WHAT THIS TASK INVOLVES => Copy the lines below exactly. No picture goes into the copy.

Entries taken from a collection

=== Section Start ===

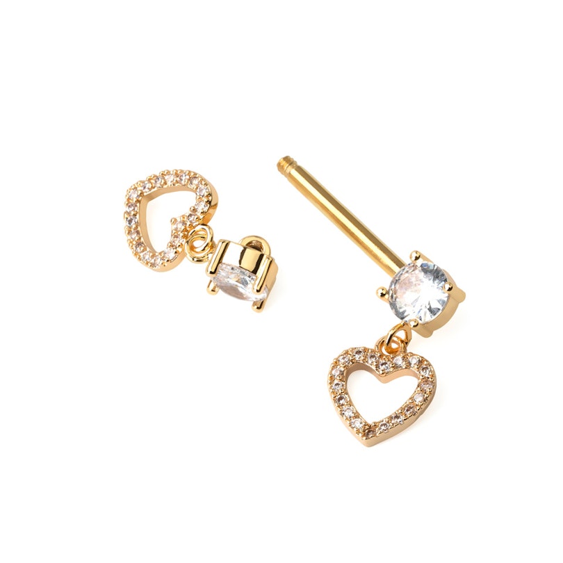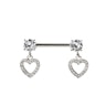 Tato krásná činka do bradavky je na každém konci ozdobená zirkony a z každého zirkonu visí přívěsek ve tvaru srdíčka a ten je posetý ještě víc zirkony.
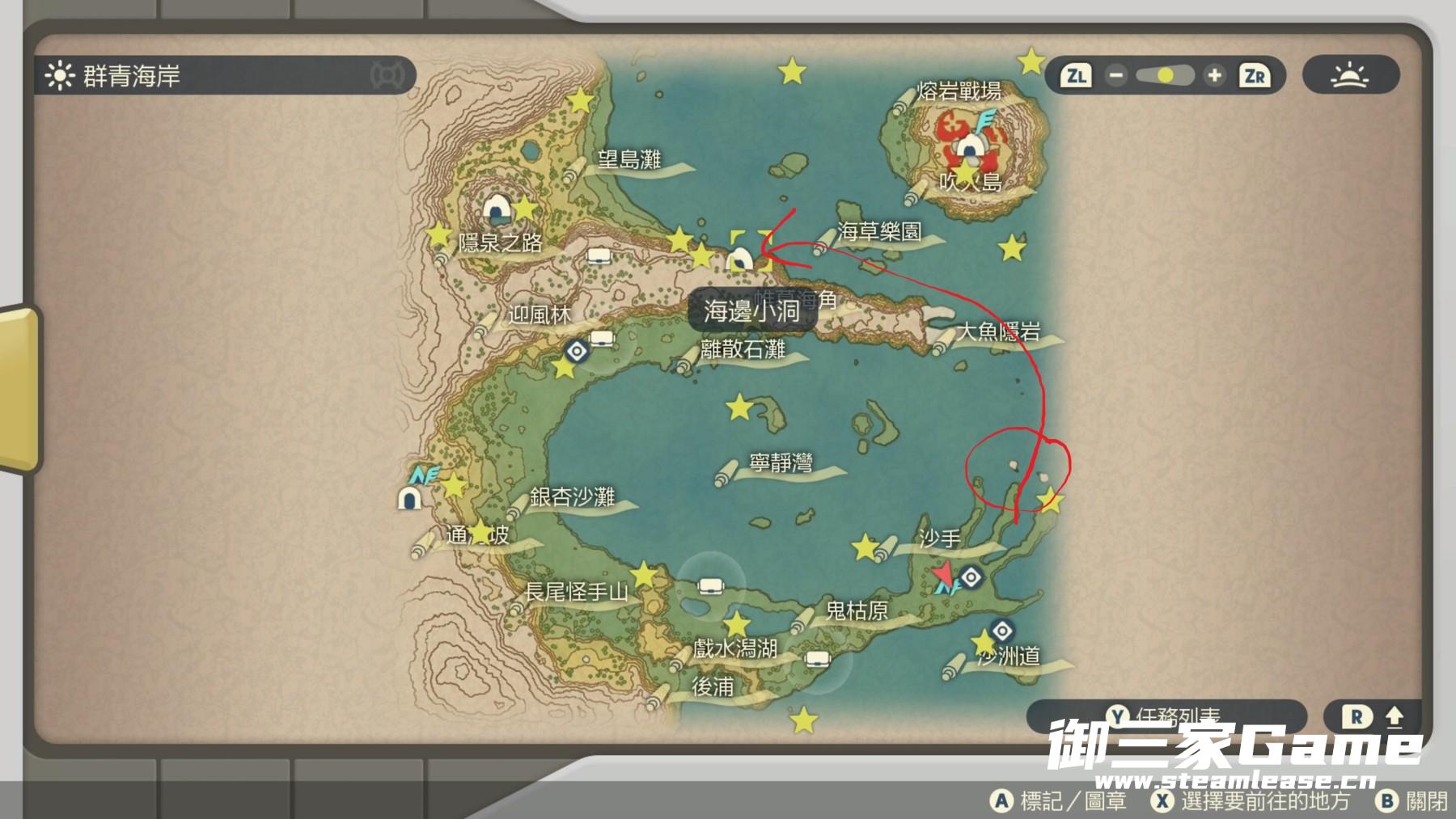 路线就是往东边穿过海之门后到上面的海边小洞。
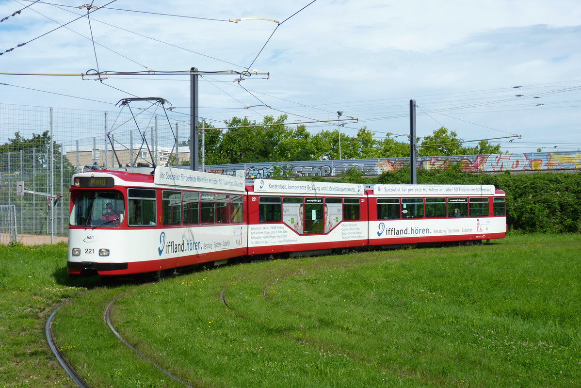 ...als am 11. Juli 2010 der Freiburger GT8N 221 die Endschleife an der Innsbrucker Straße im noch neuen Stadtteil Vauban umrundete.
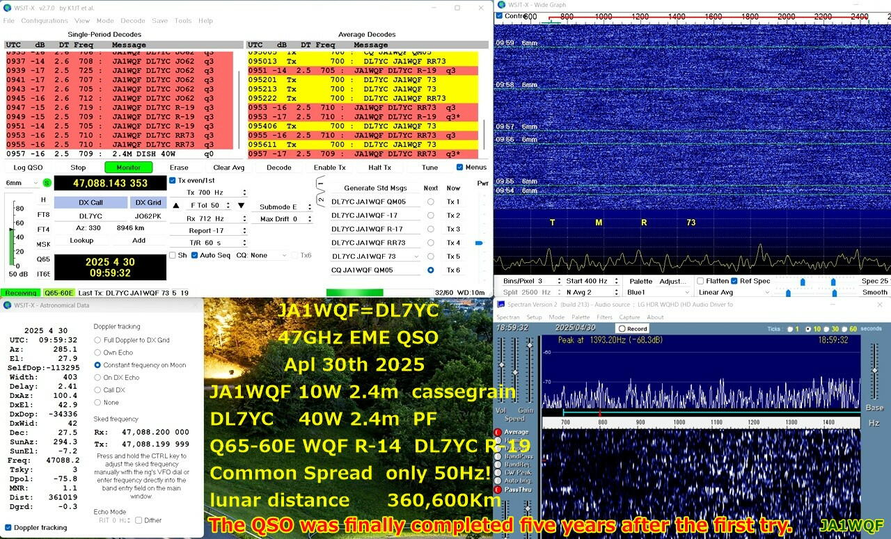 日本の笠井さん 47GHz EME 交信成功!オメデトウ! スバラシイ! 以下2枚 笠井さんからのメール添付
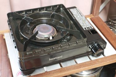冬キャンプでは、ストーブだけでなく、コンロをテント内で使用することも前提になります。ガソリンは対象外、ガス系も軽いだけが特徴の物しか持っていなかったので、CB缶を使い、風に強いいくつかの機種を候補に考えましたが、どれもイワタニ製だったので、単純に最強スペックだったタフまるを選びました。
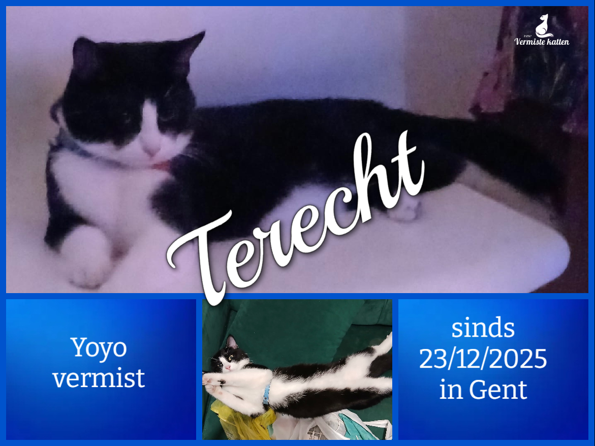 UPDATE 28/12/2025 : Yo-yo is terecht !!! Dankzij de hulp van lieve mensen waar Yo-Yo gezien werd in de tuin en die mij telefonisch contacteerde...
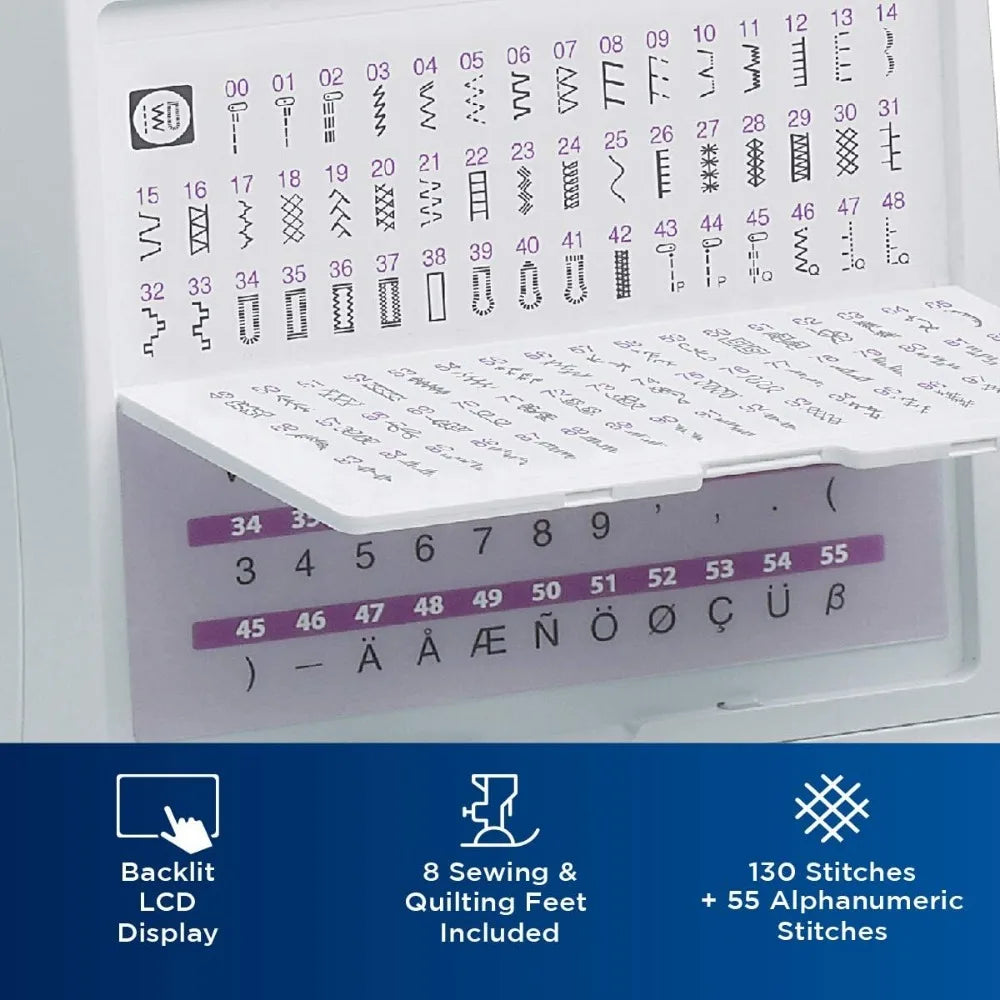 - 185 Unique built-in stitches: The HC1850 includes 130 sewing stitches including 8 styles of auto-size buttonholes, plus 55 alphanumeric sewing stitches
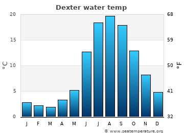 The measurements for the water temperature in Dexter, New York are provided by the daily satellite readings provided by the NOAA. The temperatures given are the sea surface temperature (SST) which is most relevant to recreational users.
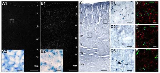 As a functionally intriguing validated DEG, NECAB2 was selected for analysis of its distribution within the DMPFC. In situ hybridization histochemistry was applied in a control and a suicidal individual to localize the expression of NECAB2 mRNA. The hybridization signal was abundant in layers II–VI (Figure 7A,B). NECAB2 immunolabeled cells showed the same distribution (Figure 7C). Immunolabeling also revealed that NECAB2 is present in two different interneuron subtypes. Most of the NECAB2-positive interneurons had small size cell bodies, while some of them demonstrated large soma (Figure 7(C3)). The larger interneurons were located in deep layers; meanwhile, the smaller ones were distributed in the upper layers, predominantly in layer II (Figure 7(C1,C3)). Immunolabeling also revealed that NECAB2 is present not only in the somato-dendritic compartments, but also in axon terminals in neurons (Figure 7(C2,C3)). To determine whether NECAB2 protein is also present in glial cells, we performed combined immunolabeling for Iba1 (a microglia marker) and S100B (an astrocyte marker) with NECAB2. The lack of colocalization indicates that NECAB2 is not expressed in glial cells (Figure 7D–F).
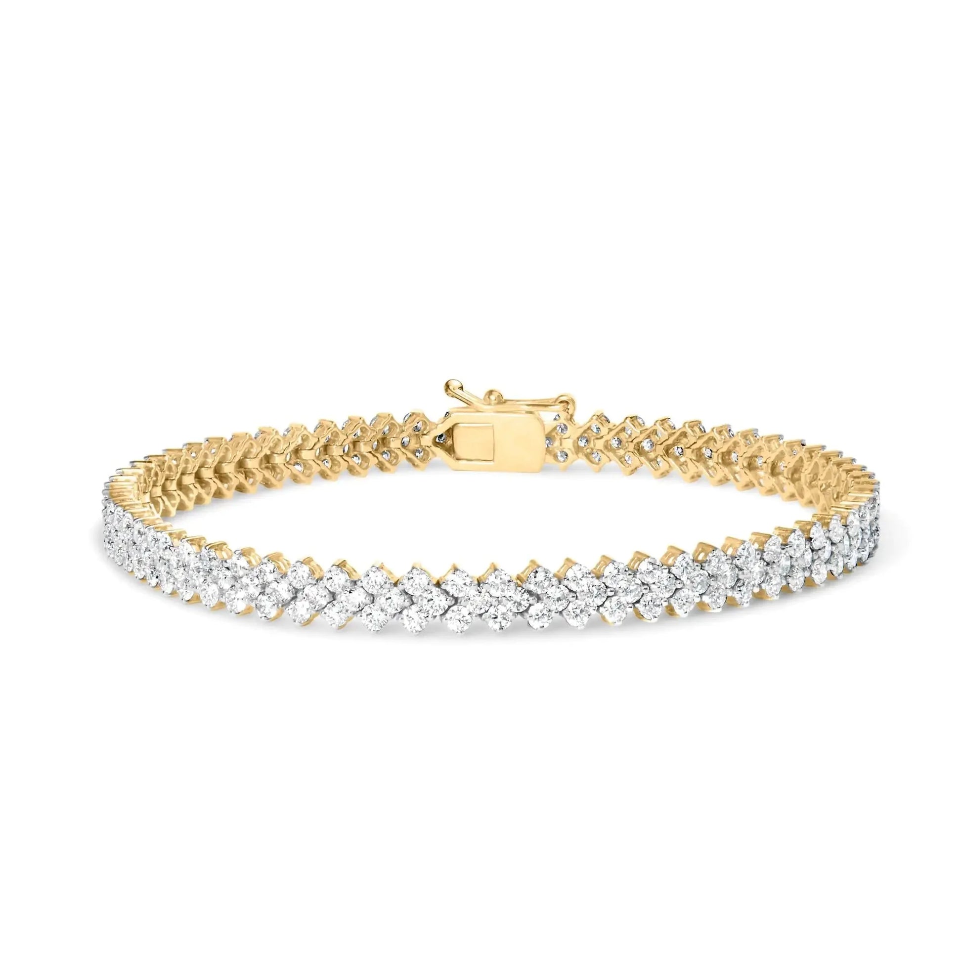 14K Yellow Gold 4.00 Cttw Diamond Trio Cluster Link Bracelet (H-I Color, I1-I2 Clarity) - 7"

=== Section End ===

RESULT OF THIS EXERCISE =>
 Tato krásná činka do bradavky je na každém konci ozdobená zirkony a z každého zirkonu visí přívěsek ve tvaru srdíčka a ten je posetý ještě víc zirkony.
 路线就是往东边穿过海之门后到上面的海边小洞。
 ...als am 11. Juli 2010 der Freiburger GT8N 221 die Endschleife an der Innsbrucker Straße im noch neuen Stadtteil Vauban umrundete.
 日本の笠井さん 47GHz EME 交信成功!オメデトウ! スバラシイ! 以下2枚 笠井さんからのメール添付
冬キャンプでは、ストーブだけでなく、コンロをテント内で使用することも前提になります。ガソリンは対象外、ガス系も軽いだけが特徴の物しか持っていなかったので、CB缶を使い、風に強いいくつかの機種を候補に考えましたが、どれもイワタニ製だったので、単純に最強スペックだったタフまるを選びました。
 UPDATE 28/12/2025 : Yo-yo is terecht !!! Dankzij de hulp van lieve mensen waar Yo-Yo gezien werd in de tuin en die mij telefonisch contacteerde...
 - 185 Unique built-in stitches: The HC1850 includes 130 sewing stitches including 8 styles of auto-size buttonholes, plus 55 alphanumeric sewing stitches
 The measurements for the water temperature in Dexter, New York are provided by the daily satellite readings provided by the NOAA. The temperatures given are the sea surface temperature (SST) which is most relevant to recreational users.
 As a functionally intriguing validated DEG, NECAB2 was selected for analysis of its distribution within the DMPFC. In situ hybridization histochemistry was applied in a control and a suicidal individual to localize the expression of NECAB2 mRNA. The hybridization signal was abundant in layers II–VI (Figure 7A,B). NECAB2 immunolabeled cells showed the same distribution (Figure 7C). Immunolabeling also revealed that NECAB2 is present in two different interneuron subtypes. Most of the NECAB2-positive interneurons had small size cell bodies, while some of them demonstrated large soma (Figure 7(C3)). The larger interneurons were located in deep layers; meanwhile, the smaller ones were distributed in the upper layers, predominantly in layer II (Figure 7(C1,C3)). Immunolabeling also revealed that NECAB2 is present not only in the somato-dendritic compartments, but also in axon terminals in neurons (Figure 7(C2,C3)). To determine whether NECAB2 protein is also present in glial cells, we performed combined immunolabeling for Iba1 (a microglia marker) and S100B (an astrocyte marker) with NECAB2. The lack of colocalization indicates that NECAB2 is not expressed in glial cells (Figure 7D–F).
 14K Yellow Gold 4.00 Cttw Diamond Trio Cluster Link Bracelet (H-I Color, I1-I2 Clarity) - 7"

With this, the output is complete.